The security patches were already commited, sync with the rest
of the 21.1.12 relase.

1 files changed, 214 insertions, 0 deletions

diff --git a/xserver/ChangeLog b/xserver/ChangeLog
index 4f43caad8..baea527b3 100644
--- a/xserver/ChangeLog
+++ b/xserver/ChangeLog
@@ -1,3 +1,217 @@
+commit 101caa1b03bc26b718f4618eb24104add5d14a4b
+Author: Povilas Kanapickas <povilas@radix.lt>
+Date:   Wed Apr 3 23:43:42 2024 +0300
+
+    xserver 21.1.12
+    
+    Signed-off-by: Povilas Kanapickas <povilas@radix.lt>
+
+commit 1173156404be826f50f453ca11bda28ccb5a5268
+Author: Peter Hutterer <peter.hutterer@who-t.net>
+Date:   Tue Jan 30 13:13:35 2024 +1000
+
+    render: fix refcounting of glyphs during ProcRenderAddGlyphs
+    
+    Previously, AllocateGlyph would return a new glyph with refcount=0 and a
+    re-used glyph would end up not changing the refcount at all. The
+    resulting glyph_new array would thus have multiple entries pointing to
+    the same non-refcounted glyphs.
+    
+    AddGlyph may free a glyph, resulting in a UAF when the same glyph
+    pointer is then later used.
+    
+    Fix this by returning a refcount of 1 for a new glyph and always
+    incrementing the refcount for a re-used glyph, followed by dropping that
+    refcount back down again when we're done with it.
+    
+    CVE-2024-31083, ZDI-CAN-22880
+    
+    This vulnerability was discovered by:
+    Jan-Niklas Sohn working with Trend Micro Zero Day Initiative
+    
+    Part-of: <https://gitlab.freedesktop.org/xorg/xserver/-/merge_requests/1463>
+    (cherry picked from commit bdca6c3d1f5057eeb31609b1280fc93237b00c77)
+
+commit 0e34d8ebc98a0ba6f9f0a2f8f5045761bccc45d3
+Author: Alan Coopersmith <alan.coopersmith@oracle.com>
+Date:   Fri Mar 22 19:07:34 2024 -0700
+
+    Xquartz: ProcAppleDRICreatePixmap needs to use unswapped length to send reply
+    
+    CVE-2024-31082
+    
+    Fixes: 14205ade0 ("XQuartz: appledri: Fix byte swapping in replies")

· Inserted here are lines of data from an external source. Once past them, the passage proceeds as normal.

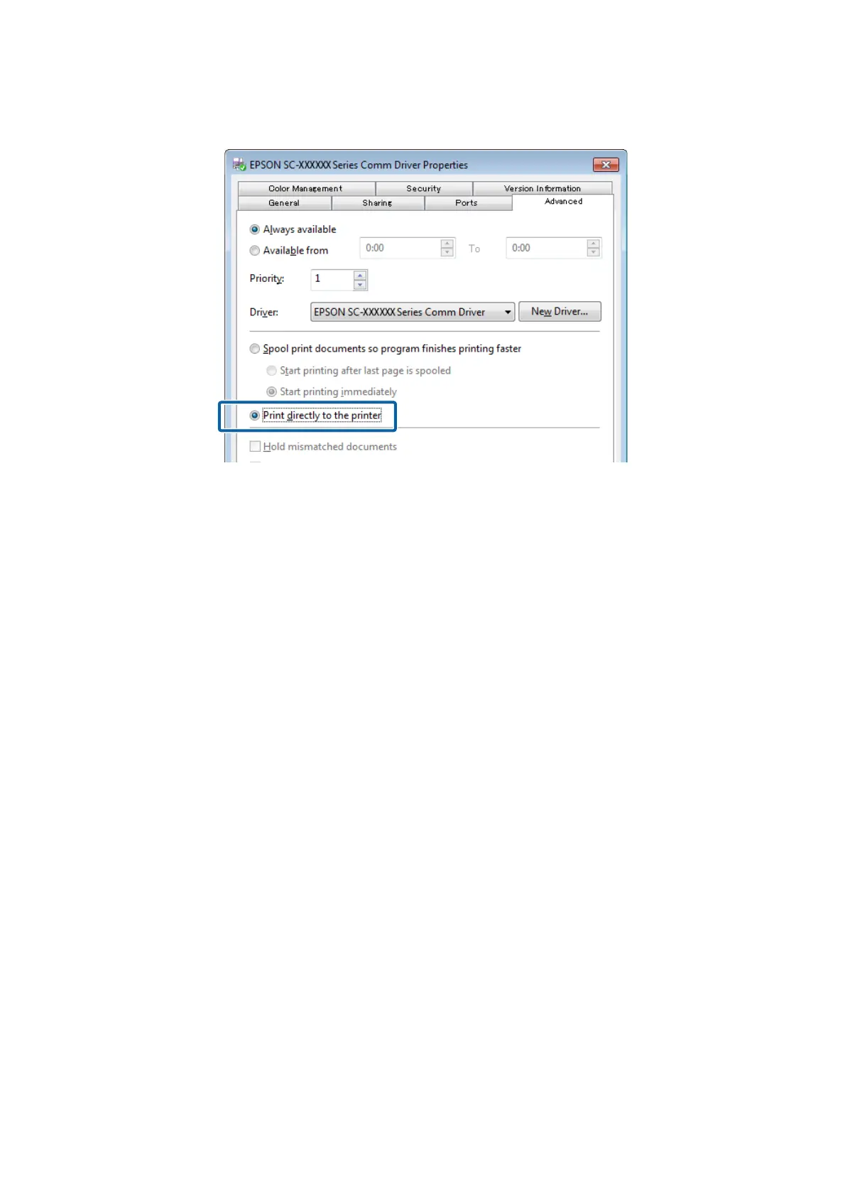 In the Advanced tab, select the spooling method Print directly to the printer.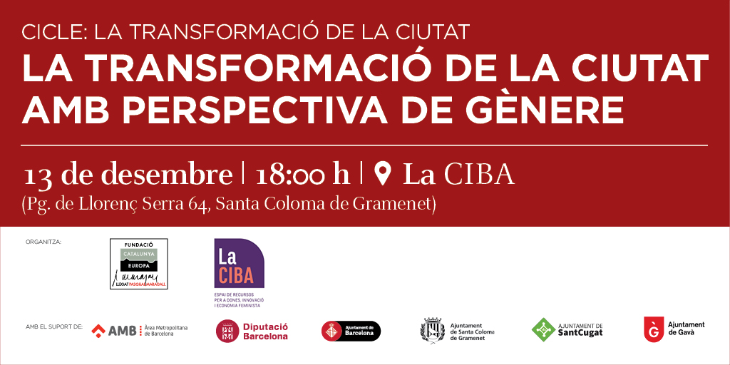 El dimarts 13 de desembre es va celebrar l’última jornada sobre governança metropolitana del cicle “La transformació de la ciutat”, on es va abordar “La transformació de la ciutat amb perspectiva de gènere”. La Fundació Catalunya Europa ho va organitzar juntament amb l’Ajuntament de Santa Coloma de Gramenet a la CIBA, un espai municipal en constant creixement dedicat a recursos per a dones, innovació i economia feminista.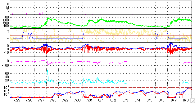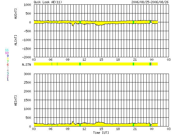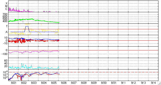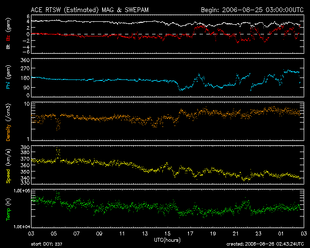 2006/ 8/26 11:45 更新 太陽風は低速で、磁気圏も穏やかです。明日より、高速風がやって来るでしょう。 担当 篠原 SOHO EIT284の観測がお休みですので、GOESのX線画像を強調してコロナホールの位置を見ています。 今日の写真では、太陽の中心からやや西に過ぎた場所に暗い穴が見えています。 ここがコロナホールです。 もう1日ほど経つと、太陽の西半分の真ん中に達するでしょう。 そこが、高速風が地球へ到達するタイミングを計る目安の位置です。 現在の太陽風は、速度が350km/秒を切り、かなり低速になっています。 磁場強度は4nT。 南北成分は0nTをはさんで小さな変化をしている程度です。 磁気圏への影響は小さく、AE指数にはごく小さな変化が見えている程度です。 穏やかな状態が続いています。 最初に述べたように、明日くらいからコロナホールによる高速風が始まると予想されます。 これまでのパターンを振り返ると、初めに磁場強度が強まりと、セクターの切り替わりが発生します。 やがて、数時間ほど遅れて速度の上昇が始まるという変化が見られています。 前回は、最高速度が600km/秒、高速風は4日ほど続きました。 今回はどうなるでしょうか。 太陽のフレア活動は穏やかです。 905黒点群の規模に変化はありません。 活動度も低く、目立ったフレアは起こしそうにありません。 GOES衛星のX線カメラで撮影した太陽の様子。26日11時 (世界時26日2時)。 (c) NOAA/SEC ![]() ACEが観測した太陽風の磁場(1番上の枠、白線は全体の強度、赤線は南北成分) および、太陽風の密度(3番目の橙線)、速度(4番目の黄線) (c) NOAA/SEC ![]() リアルタイムAE指数 下段のAEグラフの値が高くなると、オーロラ活動が活発化しています。 (c) 京都大学, NICT ![]() 27日の太陽周期に合わせたデータプロット 太陽が同じ面を地球に向けていた27日前の変化から、今後を予想することができます。 (c) NICT

+    Signed-off-by: Alan Coopersmith <alan.coopersmith@oracle.com>
+    Part-of: <https://gitlab.freedesktop.org/xorg/xserver/-/merge_requests/1463>
+    (cherry picked from commit 6c684d035c06fd41c727f0ef0744517580864cef)
+
+commit cea92ca78f900bfb4c9a5540dfd631e065b9151b
+Author: Alan Coopersmith <alan.coopersmith@oracle.com>
+Date:   Fri Mar 22 18:56:27 2024 -0700
+
+    Xi: ProcXIPassiveGrabDevice needs to use unswapped length to send reply
+    
+    CVE-2024-31081
+    
+    Fixes: d220d6907 ("Xi: add GrabButton and GrabKeysym code.")
+    Signed-off-by: Alan Coopersmith <alan.coopersmith@oracle.com>
+    Part-of: <https://gitlab.freedesktop.org/xorg/xserver/-/merge_requests/1463>
+    (cherry picked from commit 3e77295f888c67fc7645db5d0c00926a29ffecee)
+
+commit 8a7cd0e3ef194610300c1a38fb5a5423b23dd6a5
+Author: Alan Coopersmith <alan.coopersmith@oracle.com>
+Date:   Fri Mar 22 18:51:45 2024 -0700
+
+    Xi: ProcXIGetSelectedEvents needs to use unswapped length to send reply
+    
+    CVE-2024-31080
+    
+    Reported-by: https://debbugs.gnu.org/cgi/bugreport.cgi?bug=69762
+    Fixes: 53e821ab4 ("Xi: add request processing for XIGetSelectedEvents.")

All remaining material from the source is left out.